As Ireland gets ready to engineer compromises between EU countries on tricky tech files in the latter half of this year, the very loud, trumpeting elephant in the room will be the country’s close relationship with U.S. tech giants.
Sixteen of the world’s top 20 tech companies operate hubs in Ireland and more than 100,000 people are employed in the tech sector. Ireland’s fiscal watchdog warned earlier this year that just two tech firms — not named but understood to be Apple and Microsoft — paid almost 40 percent of all corporate tax in Ireland in 2024, adding up to €11 billion.
“It’s widely acknowledged, including by the Irish Fiscal Advisory Council, that Ireland is too reliant on Big Tech firms,” said liberal Member of the European Parliament Michael McNamara, who was the lead lawmaker on a package to roll back AI rules, and a key figure in another plan to streamline data and privacy laws.
“Ireland needs to be clear-eyed about the pressures that will come during the Presidency,” from major tech companies with headquarters in Dublin, he said.
Ireland’s to-do list once it assumes the rotating presidency of the Council of the EU on July 1 will likely include work on a tech sovereignty package to untangle Europe’s reliance on foreign tech; separate proposals that could squeeze U.S. firms out of European satellite airwaves and critical supply chains; slashing red tape to simplify tech rules; if and how to ban kids from social media; making the online world fairer for consumers; and a facelift for telecom rules.
The country that holds the presidency can subtly influence the work of the Council by deciding what to prioritize or put on the back burner, but in general is supposed to act as a so-called honest broker to find common ground among diplomats.
Left-leaning European Parliament lawmaker Lynn Boylan from Irish opposition party Sinn Féin said Ireland’s economic model is “deeply tied to keeping a small number of overwhelmingly American tech corporations comfortable,” which creates an “obvious conflict” with Ireland handling digital policy during its presidency.
But Ireland has garnered a reputation among diplomats in Brussels as a fair dealer, including for previous work on politically sensitive tech files in Washington’s crosshairs.

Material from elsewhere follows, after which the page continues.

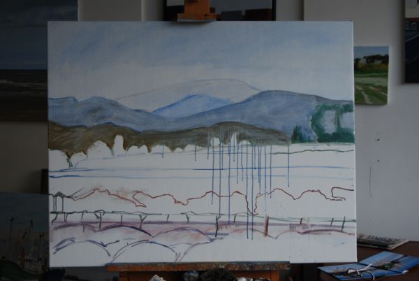 Ik begin met de lucht. Ik meng de kleur heel zorgvuldig en breng de verf aan met mijn paletmes. De bergen wil ik zo laten, opgezet in dunne verf.

During its last Council presidency in 2013, Ireland made diplomats sleep in tents to maximize time spent negotiating the EU’s General Data Protection Regulation, earning kudos from then-Justice Commissioner Viviane Reding.
One EU diplomat told POLITICO that Ireland was “very fair” during negotiations on the current legal framework underpinning data flows between the EU and U.S., while another called the country “very professional” in how it handles digital files. Both were granted anonymity to divulge an opinion on another country.